2.2. La figure de l’omnivore de Peterson

2.2.6. Précisions apportées à la figure de l’omnivore

La figure de l’omnivore de Peterson est relativement récente, ce qui incite à apporter beaucoup de précisions afin de mieux cerner ce phénomène. Peterson (2004) pense notamment à détailler la répartition temporelle et géographique de l’omnivorité, à décrire de sa composition et à caractériser son lien social. Il se questionne en effet à savoir si elle se confinera à la classe supérieure ou si elle se manifestera dans les classes appartenant aux autres statuts.
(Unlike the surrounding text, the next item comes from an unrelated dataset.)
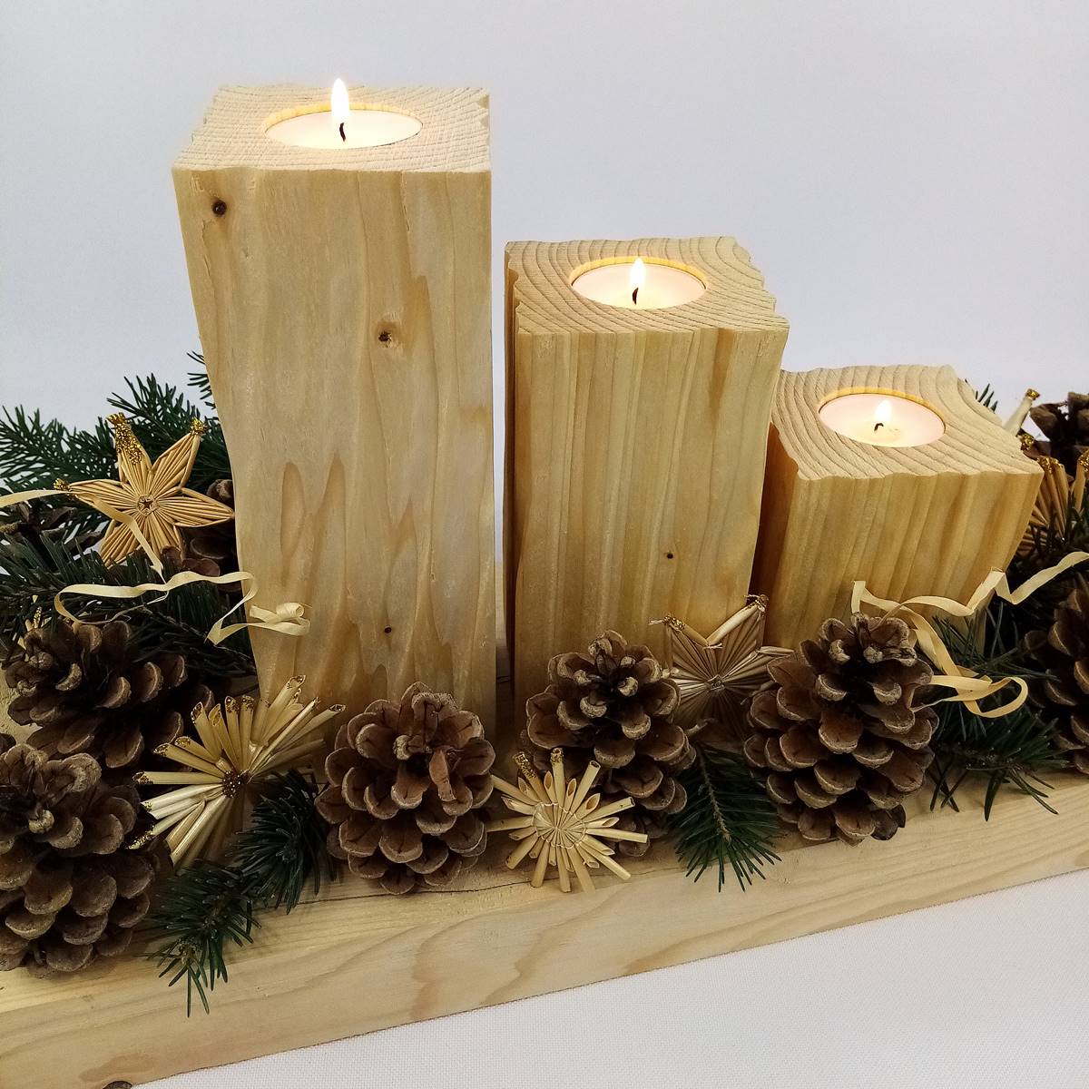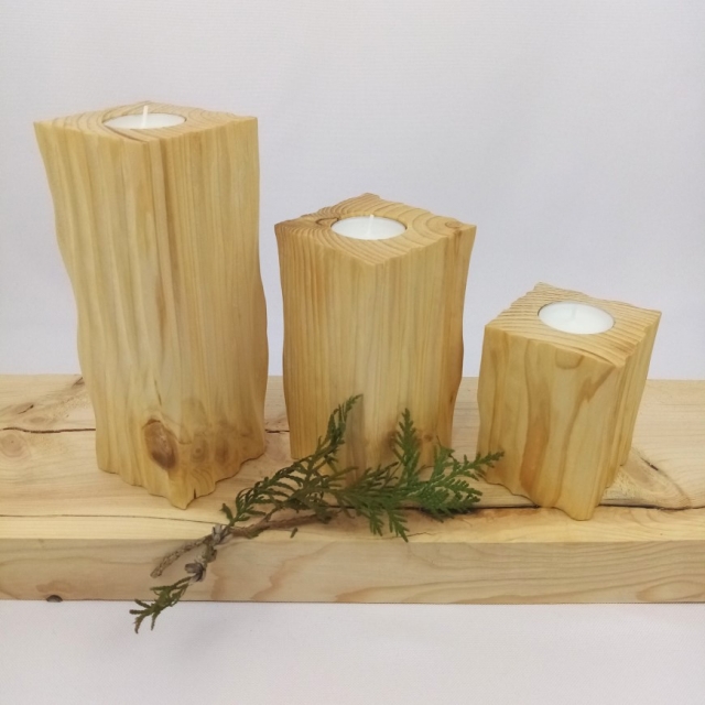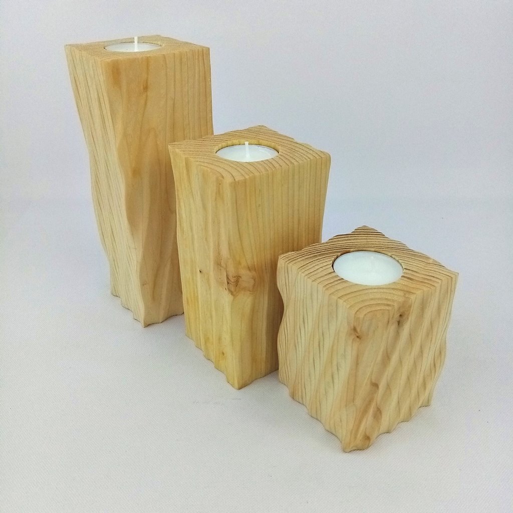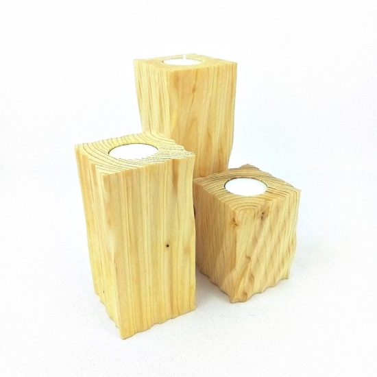Świeczniki dekoracyjne z naturalnego drewna, komplet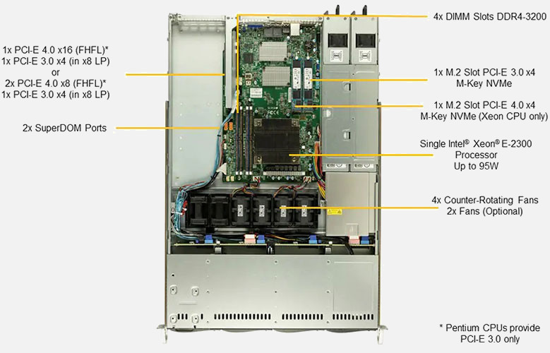 Single Intel Xeon E-2300 series Processor, Ideal for virtualisation, cloud computing, enterprise server. 1x PCI-E 4.0 x16 slots, 1x PCI-E 3.0 x8 Slot. Redundant Platinum 500W Power Supply, 4x 3.5/2.5" SATA/SAS drives

Beaucoup de chercheurs ont voulu reproduire et préciser les découvertes de Peterson. Nous présentons ici le résumé de quelques-uns de leurs travaux. Dans un premier temps, nous discuterons ceux de Bryson (1997), dans lesquels elle montre comment les dégoûts culturels contribuent à la construction de frontières identitaires. Nous verrons ensuite, à partir d’une étude d’Ollivier et Gauthier (2007), l’importance de la place qu’occupe une activité dans le champ des pratiques culturelles pour préciser la figure de l’omnivore. Finalement, à partir des travaux de Coulangeon (2003), de Bellavance et al. (2004), de Warde et al. (2007) et d’Emmison (2003), il s’agira de suivre l’intuition de Peterson en attestant la variété des types d’omnivore.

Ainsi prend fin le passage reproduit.